The two large salmon-bearing watersheds in California, the Klamath-Trinity and the Sacramento-San Joaquin basins, drive the production of the recreational, commercial, and tribal harvest of Chinook salmon in the state. Differences in the timing of freshwater return and spawning create a temporal separation between the salmon runs in both systems: the Central Valley has four runs of Chinook salmon (spring-, fall-, late fall- and winter-run), while the Klamath-Trinity system is home to only spring- and fall-run stocks. High homing fidelity of Chinook salmon limits interbreeding among populations separated by location and run-timing, which results in unique genetic signatures and, presumably, localized adaptations of different salmon runs.

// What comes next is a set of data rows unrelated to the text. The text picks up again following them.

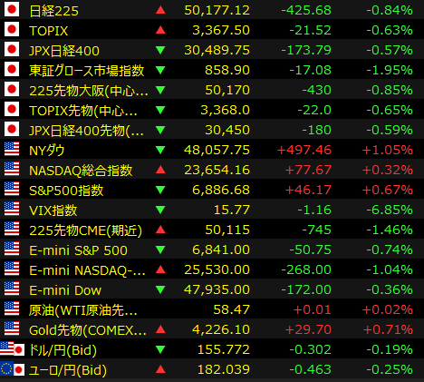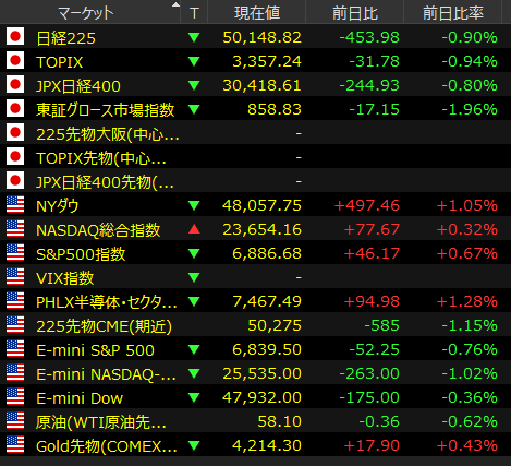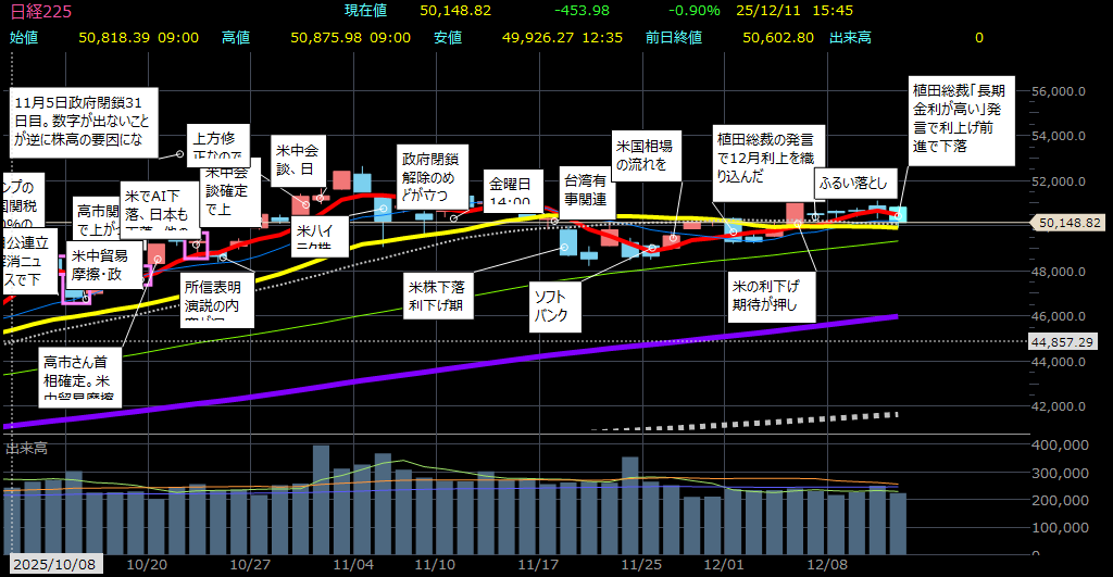東京株式市場で日経平均は2日続落し、前営業日比453円98銭安の5万0148円82銭で取引を終えた。朝方は米連邦公開市場委員会(FOMC)を無難に通過したことで反発して始まったが、材料出尽くしとの見方から利益確定売りが広がった。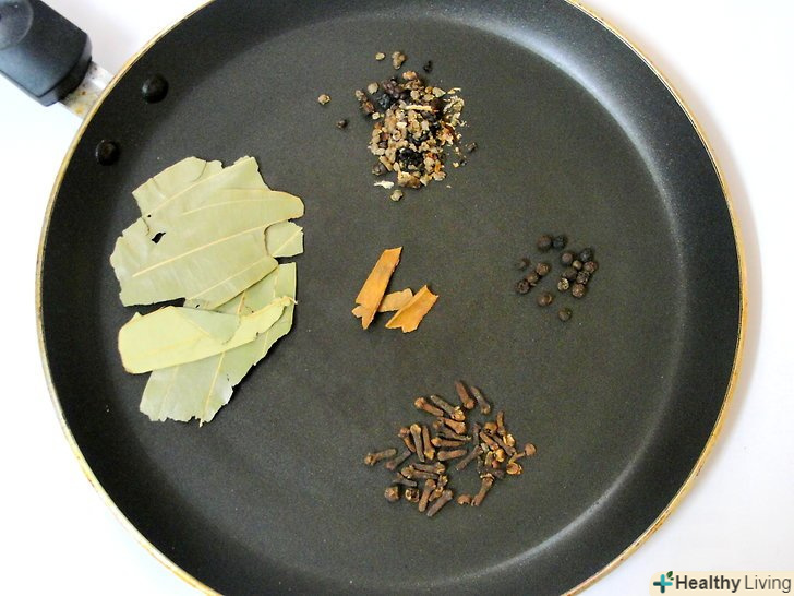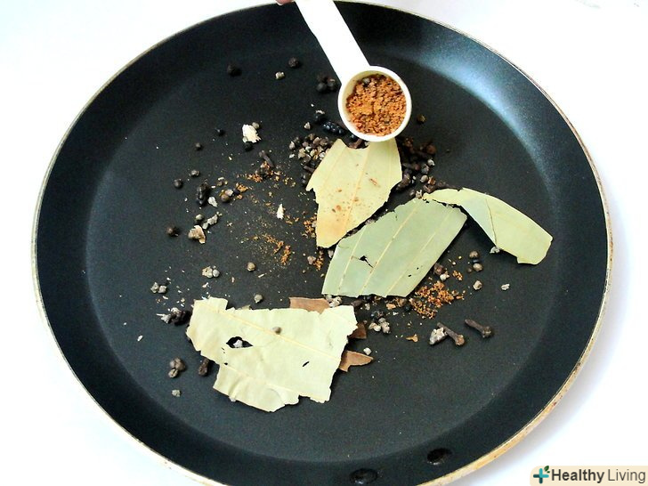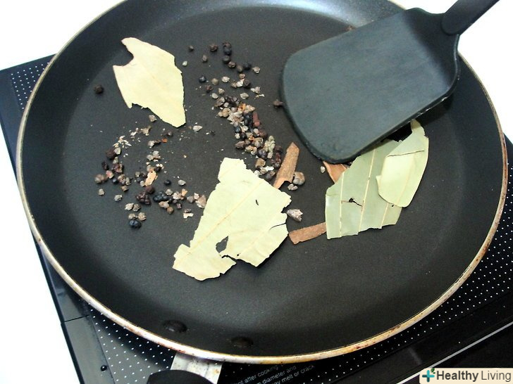 Нагрійте антипригарну сковороду від низької до середньої температури.додайте 1 ч.л цілої гвоздики, 3 або 4 лаврових листки, насіння 2 стручків зеленого кардамону і насіння 4 стручків чорного кардамону, 12 горошин чорного перцю і розламайте в сковороду кору касії.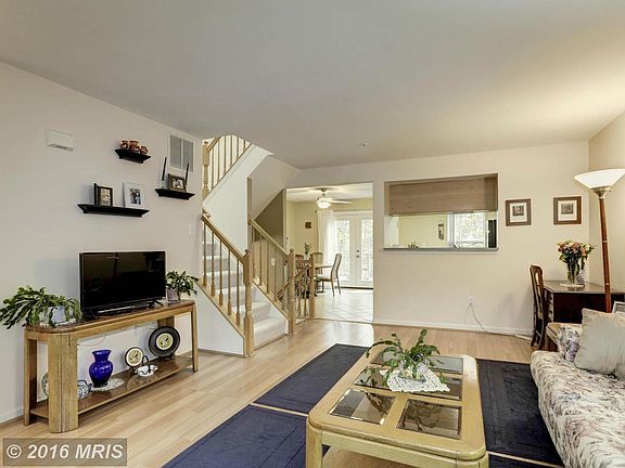Superior location backing to secluded wooded view. Huge deck with stairs leading to fenced yard and patio. Bright, open floorplan featuring kitchen with breakfast room and separate living room/dining room area. Master BR w/ vaulted ceiling & huge closet. Cedar closet in LL. Walk out to patio from carpeted fam rm. Gas heat. Adorable front porch. Home warranty included. Make this THS your home.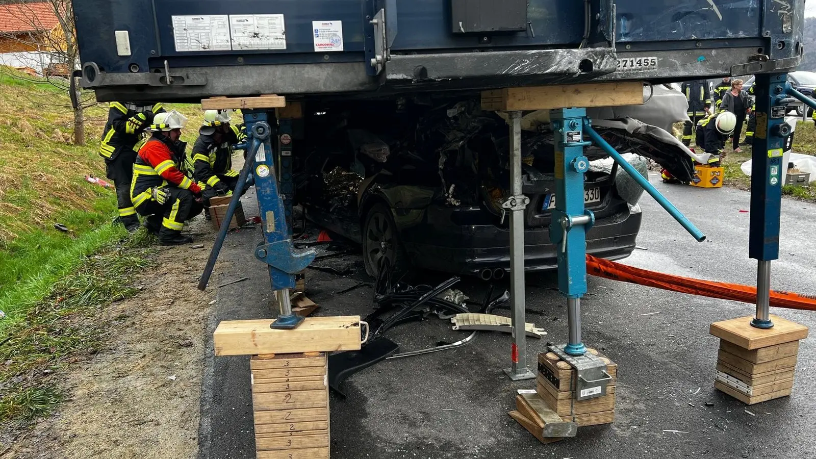 Auto fährt bei Hunding gegen geparkten Lkw-Auflieger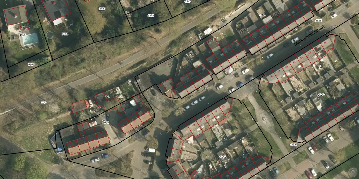 Het perceel waarop Markgravenstraat 78 staat heeft een oppervlakte van 4285 m². Dit is een zeer groot perceel. De perceeloppervlakte wordt geregistreerd door het Kadaster. Gedetailleerde informatie over de maten van dit perceel kunt u vinden in het rapport Kadastrale kaart met maatvoering van Markgravenstraat 78.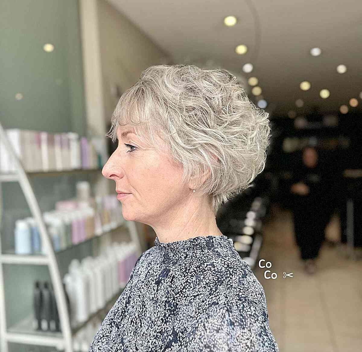 Short Curly Hair with Thin Bangs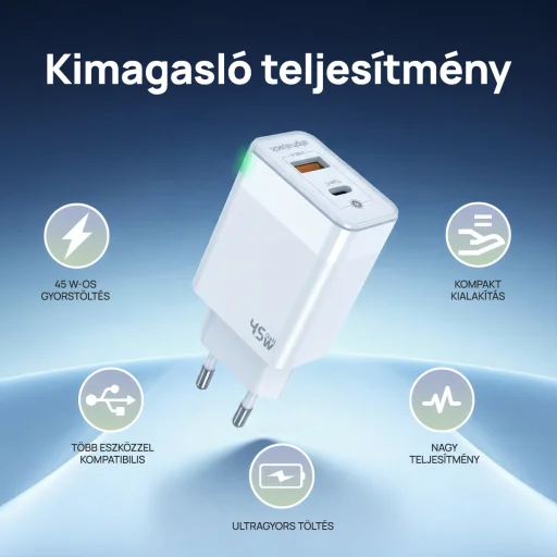 A töltő két kimeneti porttal rendelkezik: egy USB-C (Type-C) és egy USB-A porttal, így egyszerre akár két eszközt is tölthet. Az USB-C port önmagában akár 45W teljesítményt is képes leadni, támogatva a Power Delivery (PD) szabványt, ideális választás a legújabb eszközök gyors töltéséhez. Az USB-A port Quick Charge (QC) kompatibilis, önállóan akár 18W-os gyorstöltésre is képes.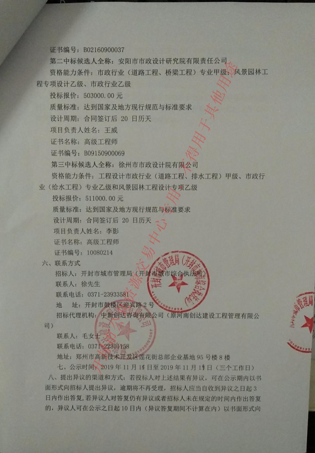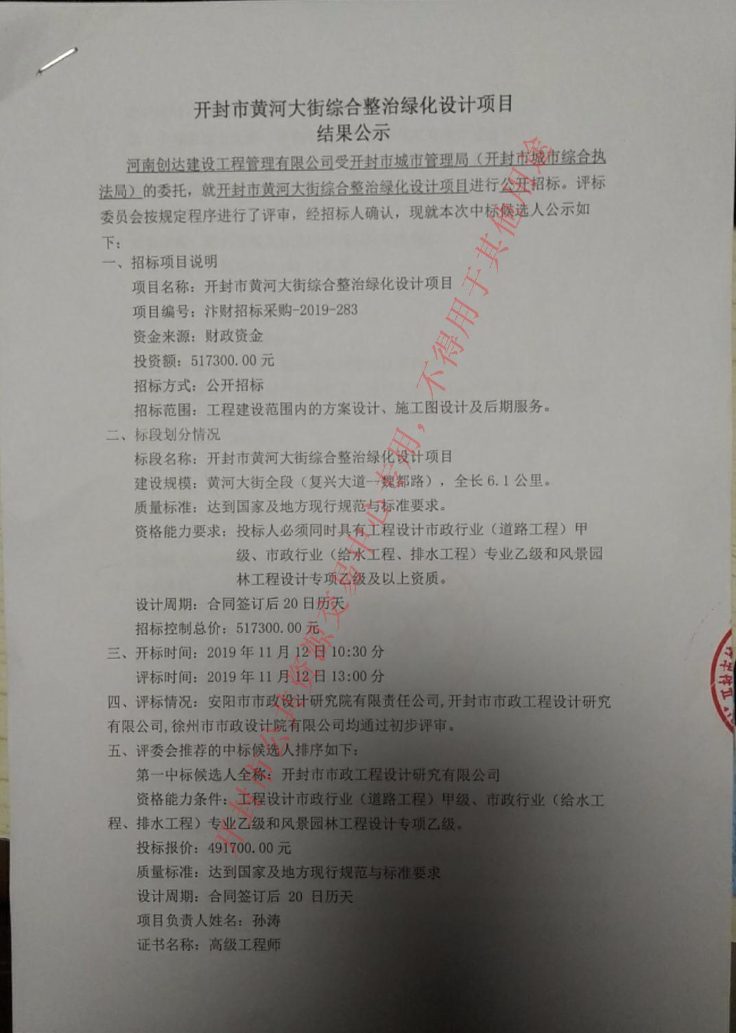 第一中标候选人全称:开封市市政工程设计研究有限公司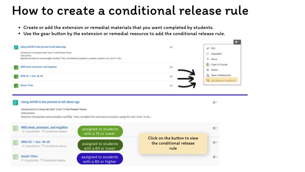 - Use the gear button by the extension or remedial resource to add the conditional release rule.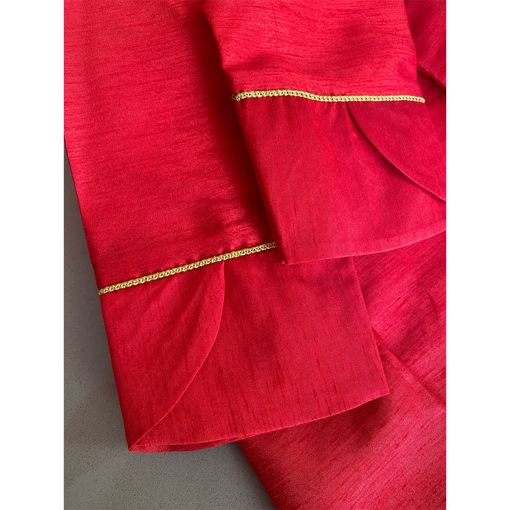 - Computerized Embroidery Work Red Kurta V-Notch Neck

However, in these major watersheds and elsewhere, large-scale infrastructure developments and fisheries management practices have presented great obstacles to the maintenance of distinct genetic structure, or patterns of genetic diversity, among Chinook salmon populations. For example, the construction of large dams — such as Lewiston Dam on the Trinity River — prevents the historical geographic separation of temporally distinct runs within a river. Spring-run Chinook salmon, which used to ascend and reproduce in cool headwater reaches, are now forced to share downstream spawning habitat with their fall-run counterparts, resulting in hybridization between the two stocks (Kinziger et al. 2008). Further, large-scale artificial propagation of Chinook salmon and associated stocking practices can contribute to the erosion of distinct population genetic structure, even though these practices are often intended to mitigate the loss of natural production resulting from dam construction. The reasons for this include the high tendency for hatchery-reared Chinook salmon to stray, particularly individuals that are released at locations far from their natal hatchery (CDFG & NMFS 2001). Furthermore, transfers of fertilized eggs among watersheds were exceedingly common in the past, which eroded genetic differences among salmon populations. In California’s Central Valley, these practices have resulted in the loss of genetic structure, effectively homogenizing fall-run Chinook salmon populations and raising concerns regarding the fish’s ability to retain the adaptive potential required to persist under ever- changing environmental conditions (Williamson and May 2005).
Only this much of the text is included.